• **TASK ITEM**: From the line with "ドングリは樽型からすこし長い樽型。 ドングリ全体をロウ物質に被われている。 |" through the line with "한국 축구대표팀 선수들이", repeat the entries verbatim, both end lines included, and add nothing.

• **DATA FOR THIS TASK**:
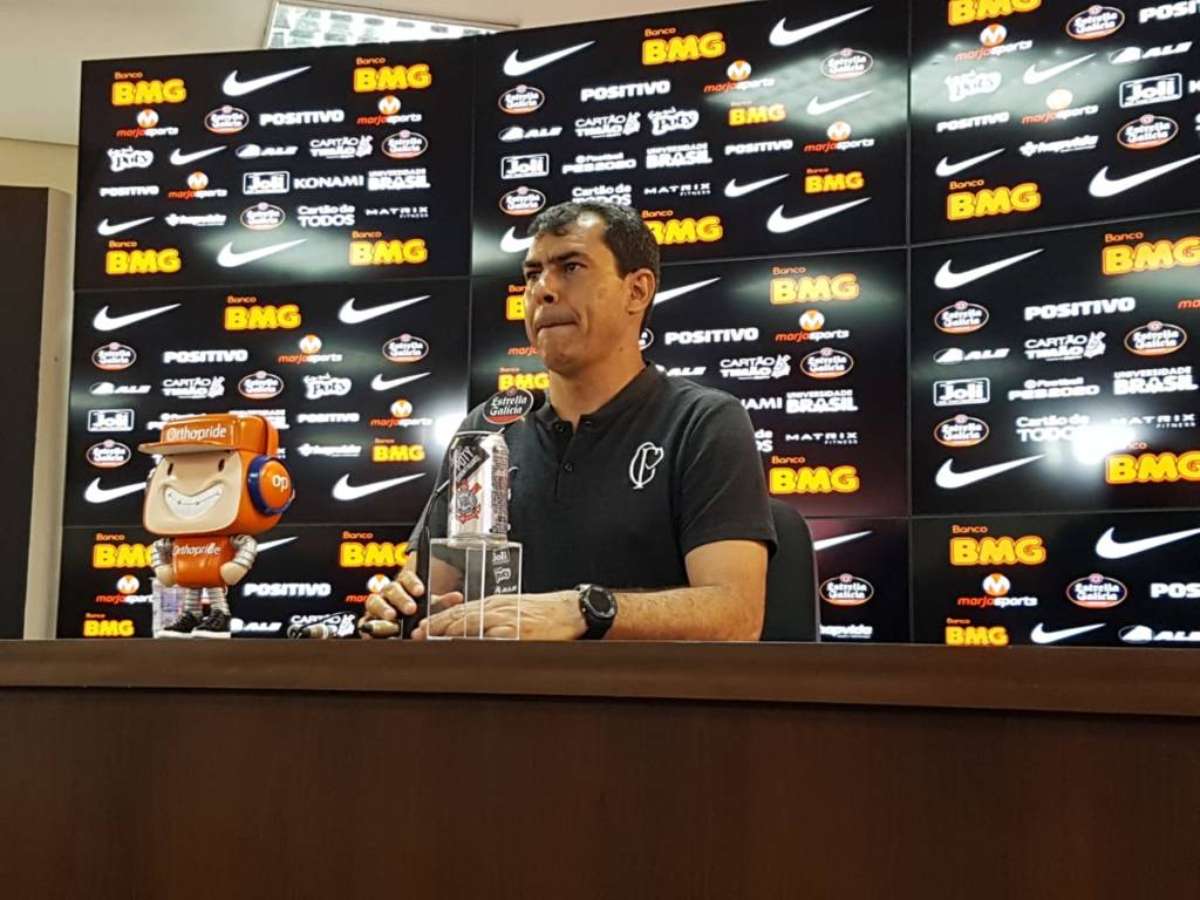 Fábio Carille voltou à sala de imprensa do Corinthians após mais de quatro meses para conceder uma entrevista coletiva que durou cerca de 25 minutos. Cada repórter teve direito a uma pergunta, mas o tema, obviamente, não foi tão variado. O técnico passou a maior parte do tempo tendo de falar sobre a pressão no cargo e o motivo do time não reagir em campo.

---

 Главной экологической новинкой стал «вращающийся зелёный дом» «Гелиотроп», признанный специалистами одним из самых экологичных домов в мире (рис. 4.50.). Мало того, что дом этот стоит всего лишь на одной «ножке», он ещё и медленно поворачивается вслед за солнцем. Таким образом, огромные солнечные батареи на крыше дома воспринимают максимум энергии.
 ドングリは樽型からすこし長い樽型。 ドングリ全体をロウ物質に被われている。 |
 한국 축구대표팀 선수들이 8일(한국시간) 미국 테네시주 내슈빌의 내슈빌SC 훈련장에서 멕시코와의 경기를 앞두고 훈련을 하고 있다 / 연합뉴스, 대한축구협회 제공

• **EXERCISE OUTPUT**:
 ドングリは樽型からすこし長い樽型。 ドングリ全体をロウ物質に被われている。 |
 한국 축구대표팀 선수들이 8일(한국시간) 미국 테네시주 내슈빌의 내슈빌SC 훈련장에서 멕시코와의 경기를 앞두고 훈련을 하고 있다 / 연합뉴스, 대한축구협회 제공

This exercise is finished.